▶ Supplied data:
== Segment start ==
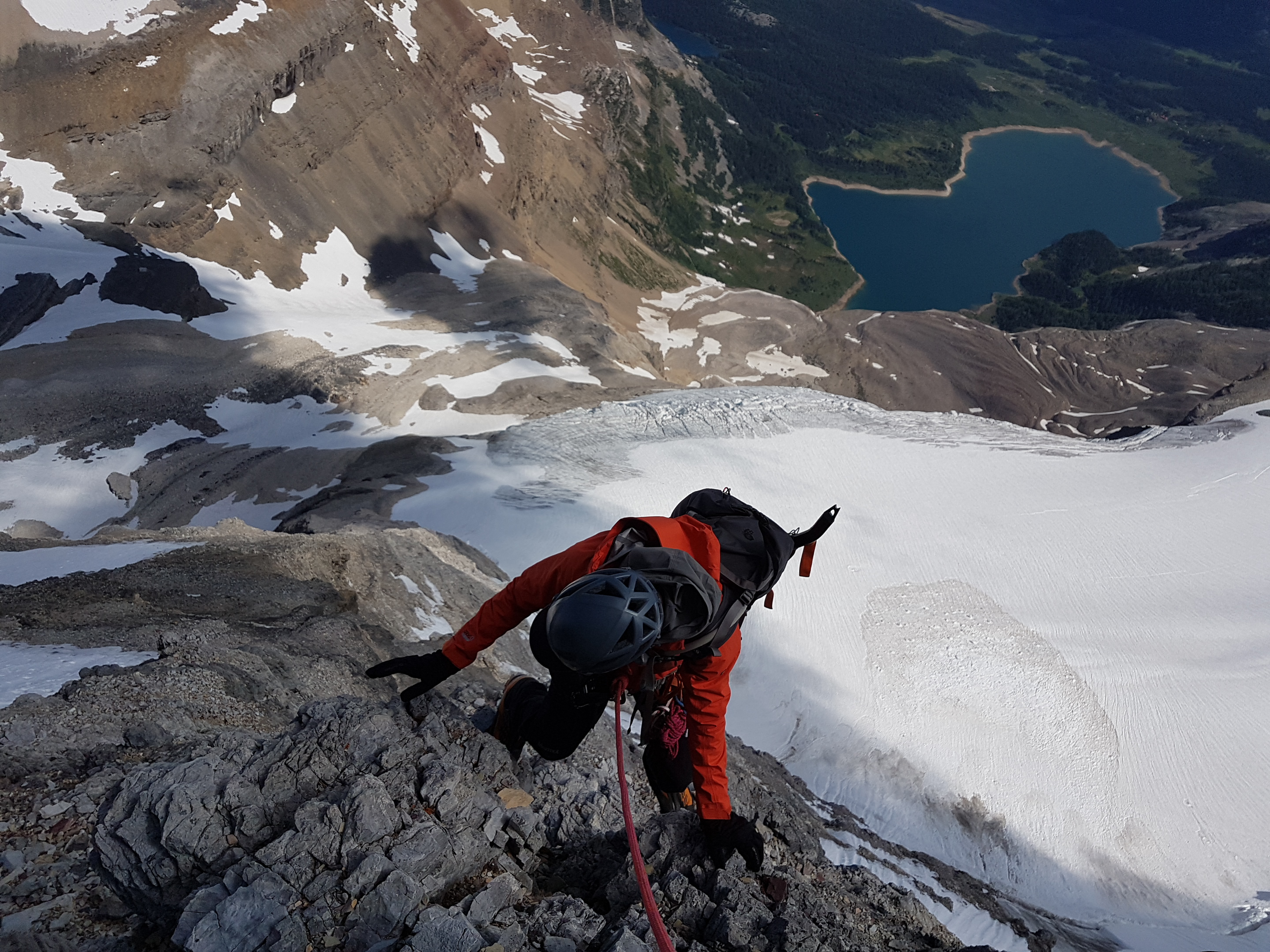 I just got home from an ascent of Mt. Assiniboine's classic North Ridge route With Yamnuska Mountain Adventures. We approached from the Assiniboine Lodge via the Gmoser Highway and stayed at the Hind Hut to facilitate an early start for the route. The Gmoser highway was in good shape although there are still some lingering some snow patches which required the use of crampons to cross safely. The North ridge route was in excellent dry condition on July 20th and we were able to ascend the route without using our crampons. We were treated to clear air and a great view of the smoke and fires burning just to the North.
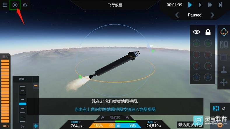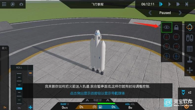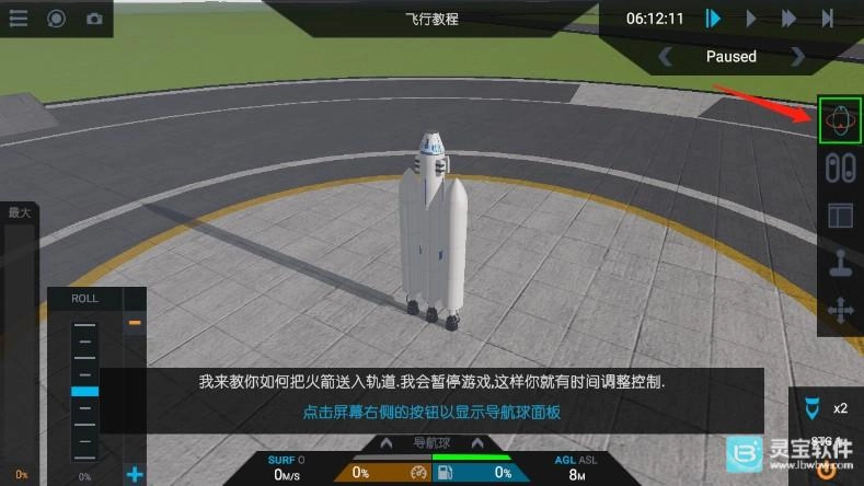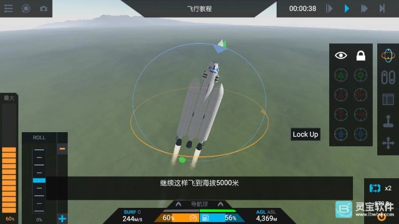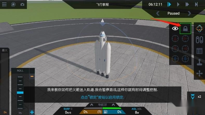 4、接着点击锁定按钮;导航球体用于控制火箭的航向,启用该按钮后,火箭会持续尝试朝向蓝色三角形的方向,白色圆锥体则代表火箭当前的指向。
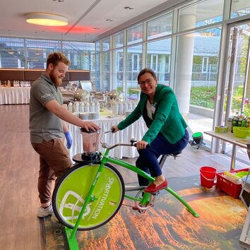 Wie lässt sich der Zusammenhang von Bewegung und Ernährung besser verdeutlichen, als auf einem Smoothiebike? Erleben Sie den Smoothiemixer, der durch eigene Muskelkraft betrieben wird, und nutzen Sie es für einen zwanglosen Einstieg in das Thema Ernährung und zur Sensibilisierung Ihrer Mitarbeiter.
== Segment end ==
▶ What needs to be done: Keeping every word as it is, write out all the data and omit the pictures.

▶ Answer box:
 I just got home from an ascent of Mt. Assiniboine's classic North Ridge route With Yamnuska Mountain Adventures. We approached from the Assiniboine Lodge via the Gmoser Highway and stayed at the Hind Hut to facilitate an early start for the route. The Gmoser highway was in good shape although there are still some lingering some snow patches which required the use of crampons to cross safely. The North ridge route was in excellent dry condition on July 20th and we were able to ascend the route without using our crampons. We were treated to clear air and a great view of the smoke and fires burning just to the North.
 4、接着点击锁定按钮;导航球体用于控制火箭的航向,启用该按钮后,火箭会持续尝试朝向蓝色三角形的方向,白色圆锥体则代表火箭当前的指向。
 Wie lässt sich der Zusammenhang von Bewegung und Ernährung besser verdeutlichen, als auf einem Smoothiebike? Erleben Sie den Smoothiemixer, der durch eigene Muskelkraft betrieben wird, und nutzen Sie es für einen zwanglosen Einstieg in das Thema Ernährung und zur Sensibilisierung Ihrer Mitarbeiter.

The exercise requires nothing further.